Sie hat einen Bachelor in Jazz, er hat das Genre Synth-Pop mitgeprägt. Sie ist Jessy Lanza und er ist Jeremy Greenspan. Was ihre musikalischen Hintergründe anbelangt, würde man die beiden kaum miteinander in Verbindung bringen und doch haben sie mit »Pull My Hair Back« eine herausragendes Album gemeinsam aufgenommen. Greenspan und Lanza kannten sich schon vor ihrer Zusammenarbeit privat. Als Jeremy Greenspan schließlich am Junior-Boys-Album »It‘s All True« arbeitet, sucht er eine Frau für Gesang und Klavier. Jessy Lanza übernimmt diese Rolle und beginnt, nicht nur am Junior-Boys-Album, sondern auch an ihrem eigenen zu arbeiten. Den gemeinsamen musikalischen Nenner bildet R&B. Moderner Mainstream-R&B genauso wie der R&B aus seinen goldenen Tagen, wie Jessy Lanza die Neunziger und ihre Akteure rund um Aaliyah nennt. Die beiden einigen sich: Wir machen ein R&B-Album zusammen. Nur wie soll unser R&B klingen? Die Richtung gibt dann ein Album vor, das 2001 auf Warp erschien. »Lifestyles Of The Laptop Cafe« von The Other People Place, ein Projekt von Drexciya-Produzent James Marcel Stinson, nennt Lanza als wichtigsten Einfluss für den Sound der Platte. So wird das schließlich auf Hyperdub veröffentlichte »Pull My Hair Back« zu einem Post-Disco-R&B-Album und auch zu einem der interessantesten Pop-Alben des Jahres. Der Zugang zum elektronischen ist für Jessy Lanza dabei alles andere als neu: Ihr Vater arbeitete während der 1990er Jahre in einem Audio-Unternehmen und baute Sound-Systeme in sämtliche Tanz-Club ihrer Heimatstadt Hamilton; nach seinem Tod überließ der Vater seiner Tochter ein ganzes Paket an Synthesizern und Drum-Maschinen. Man darf es wohl Greenspan danken, dass er diese Einflüsse kanalisierte und auf »Pully My Hair Back« Lanzas weicher Stimme entgegenstellte. Das Ergebnis ist vor allem eines: sexy.
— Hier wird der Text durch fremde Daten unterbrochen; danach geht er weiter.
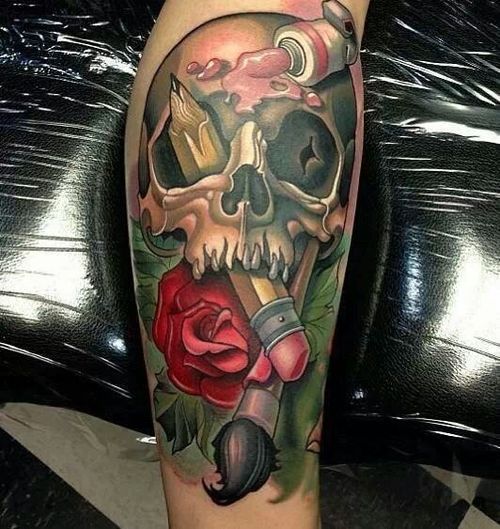 推荐一款时尚潮流的骷髅玫瑰花纹身图案

»Ich schreibe über Sex, weil im Endeffekt geht es doch in guter Pop-Musik immer genau darum.«

Jessy Lanza
Das Spiel mit der Haarlocke
Wie klingt sexy, wenn es irgendwo zwischen dem heute modischen Fuck-You-All-The-Time-Sexy eines Jeremihs, dem zarten Hauchen Aaliyahs und Discolichtern liegt? Es klingt elegant, niemals aufdringlich und selten explizit. Wenn Lanza ins Mikrofon atmet, » love me, with my back against the wall«, dann ist das der eindeutigste Moment des Albums. Das Erotische kommt auf dem Album nie ausgelutscht rüber (no pun intended) und triftet nicht ins Billige ab. Und selbst wenn es so wäre, es würde Jessy Lanza nicht kümmern: »Es ist mir egal, wenn [die musikalische Darstellung von] Sex als zu billig oder zu viel rüberkommt. Es kommt alles auf den Kontext an und wenn ein Song gut ist, dann ist er gut. Ich schreibe über Sex, weil im Endeffekt geht es doch in guter Pop-Musik immer genau darum.« Und was ist der Kontext auf den Songs von »Pull My Hair Back«? Das ist nicht immer klar und darin liegt der erotische Reiz des Album, der niemals ausgereizt wird, weil er nicht überstrapaziert wird. Textlich wie musikalisch deutet Jessy Lanza mehr an, als sie ausspricht, spielt mit den Genres wie mit einer Haarlocke, die sie immer wieder um ihre Finger zwirbelt und dann wieder fallen lässt. So liegt der Kontext letztendlich in der Fantasie des Zuhörers. Denn Lanza beschreibt kaum mal eine detaillierte Szene, sondern fängt Spannungen ein. »Mit den Texten auf dem Album ging es mir mehr darum ein Wort oder einen Satz zu finden, der eine Stimmung wiedergibt, als um spezifische Umstände oder Situationen«, erklärt sie. Die spezifischen Situation wird dieses Album auch so bei seinen Hörern und Hörerinnen schaffen. Wenn irgendeine »sie« und irgendein »er« aufeinandertreffen.